第59話 まさかの遭難? いったい何が起こってるの?
前回まで:湖の向かいの集落に行くため、日没寸前に犬橇を出したトーニャの犬のカーメルがなぜか戻ってきた。背中には橇を引くハーネスが付けられたままだ。首を傾げていると、ウロウロしている影がもうひとつ。あれ???
ウロウロしているその影に、「こっちに来なさい!」と叫ぶと、やはり素直に私のところに走ってきた。

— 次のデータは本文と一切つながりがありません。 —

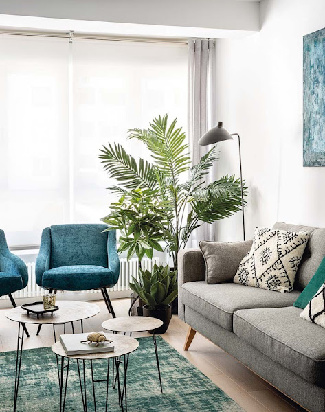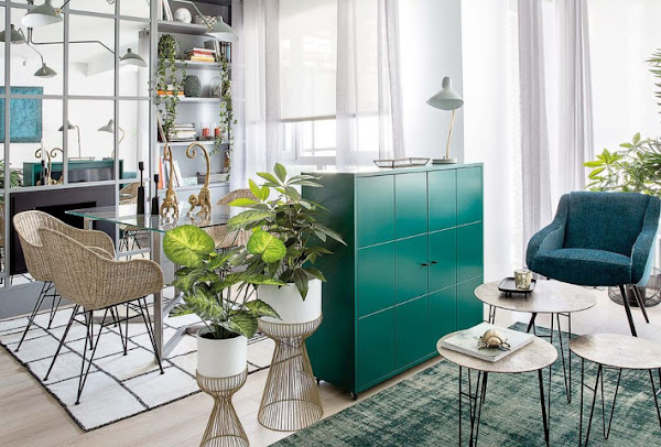 Sobre el lienzo blanco destacan muebles, textiles y complementos en un intenso verde agua, el color que protagonista de la decoración del salón.

暗闇の中から見えてきた顔は、オスの老犬、スタンピーだった。
歳をとっているだけあって、優秀なベテラン組の犬である。
カーメル同様に、背中にはハーネスが付けられたままだった。
トーニャと共に走っていった犬が帰ってきた……、これはいったい、どういうことだろう?

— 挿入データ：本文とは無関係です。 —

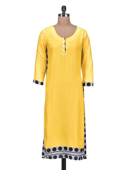 #1 yellow rayon kurta with polka dots hem & similar products...

2匹の犬たちの顔を見ても、言葉を話すことができないから、もちろん、何があったのかなど伝えてはくれない。
私はふと思った。
トーニャの身に何かが起こり、それを知らせるために、2匹を放したのでは?と。
私はとりあえず、背中のハーネスを外してやり、ドッグヤードに犬たちを繋ぐと、さっそくロッジに戻って、トーニャの向かい先のトゥリッサの家に電話をかけることにした。
しかし、私にはその家の電話番号が分からなかった。